▶ [DATASET EXCERPT]:
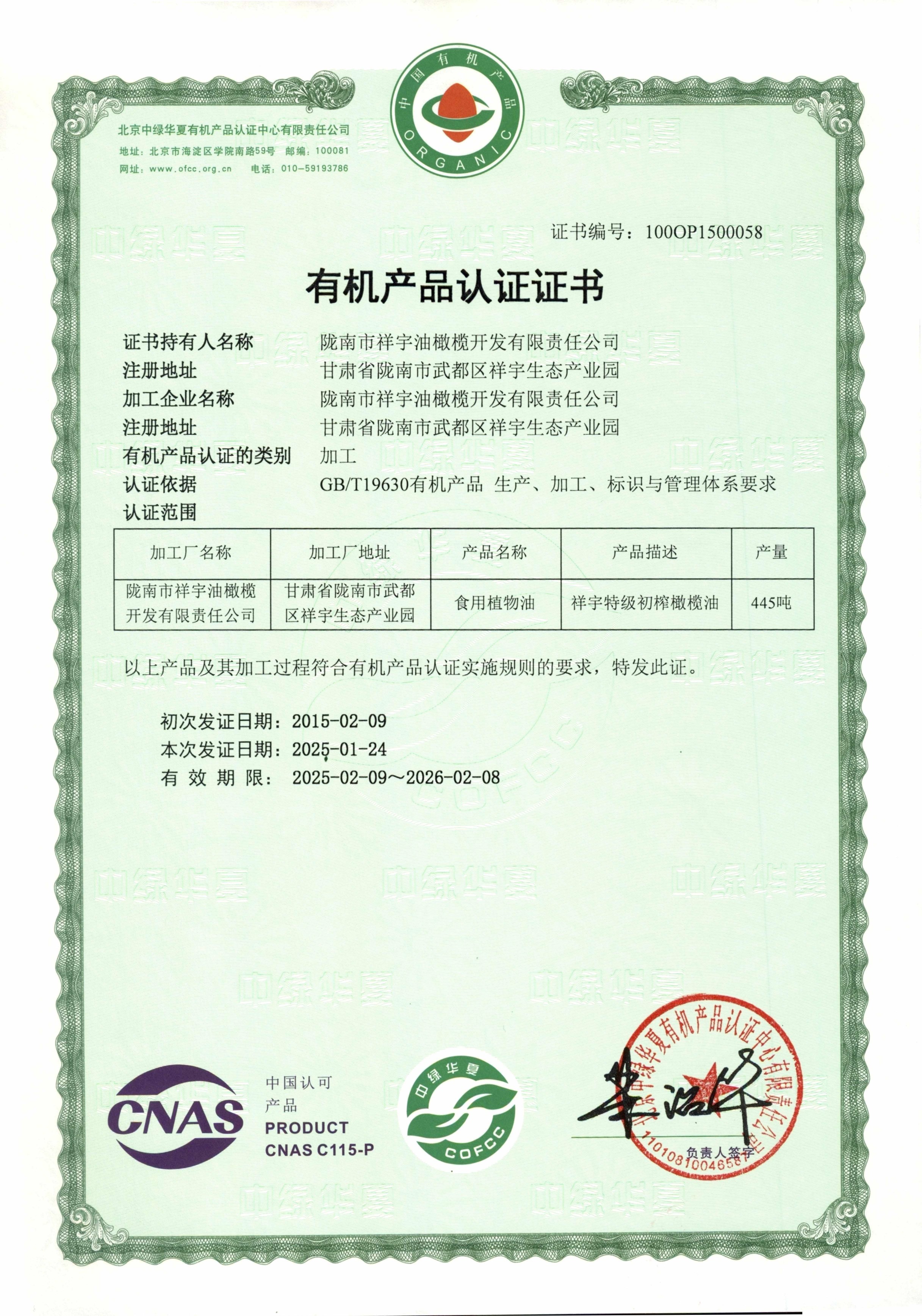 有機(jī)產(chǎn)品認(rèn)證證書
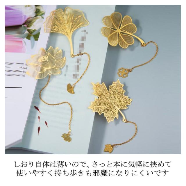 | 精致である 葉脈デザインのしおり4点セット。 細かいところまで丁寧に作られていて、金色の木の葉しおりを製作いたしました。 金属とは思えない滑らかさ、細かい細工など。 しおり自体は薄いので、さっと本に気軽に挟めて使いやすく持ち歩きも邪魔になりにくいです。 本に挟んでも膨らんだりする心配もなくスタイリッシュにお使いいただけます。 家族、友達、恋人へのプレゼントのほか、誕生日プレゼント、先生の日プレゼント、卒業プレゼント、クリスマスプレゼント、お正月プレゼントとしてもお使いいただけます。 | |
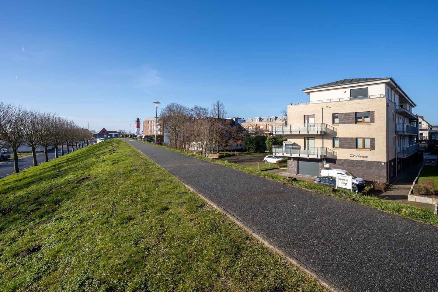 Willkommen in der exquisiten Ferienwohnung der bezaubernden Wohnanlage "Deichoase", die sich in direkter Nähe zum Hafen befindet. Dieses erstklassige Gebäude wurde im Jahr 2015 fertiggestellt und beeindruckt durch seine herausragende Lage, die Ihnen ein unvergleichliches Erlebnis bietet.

▶ [WHAT TO DO]:
Write the full listing out again with every line unchanged, but include no pictures.

▶ [PROBLEM SOLUTION]:
 有機(jī)產(chǎn)品認(rèn)證證書
 | 精致である 葉脈デザインのしおり4点セット。 細かいところまで丁寧に作られていて、金色の木の葉しおりを製作いたしました。 金属とは思えない滑らかさ、細かい細工など。 しおり自体は薄いので、さっと本に気軽に挟めて使いやすく持ち歩きも邪魔になりにくいです。 本に挟んでも膨らんだりする心配もなくスタイリッシュにお使いいただけます。 家族、友達、恋人へのプレゼントのほか、誕生日プレゼント、先生の日プレゼント、卒業プレゼント、クリスマスプレゼント、お正月プレゼントとしてもお使いいただけます。 | |
 Willkommen in der exquisiten Ferienwohnung der bezaubernden Wohnanlage "Deichoase", die sich in direkter Nähe zum Hafen befindet. Dieses erstklassige Gebäude wurde im Jahr 2015 fertiggestellt und beeindruckt durch seine herausragende Lage, die Ihnen ein unvergleichliches Erlebnis bietet.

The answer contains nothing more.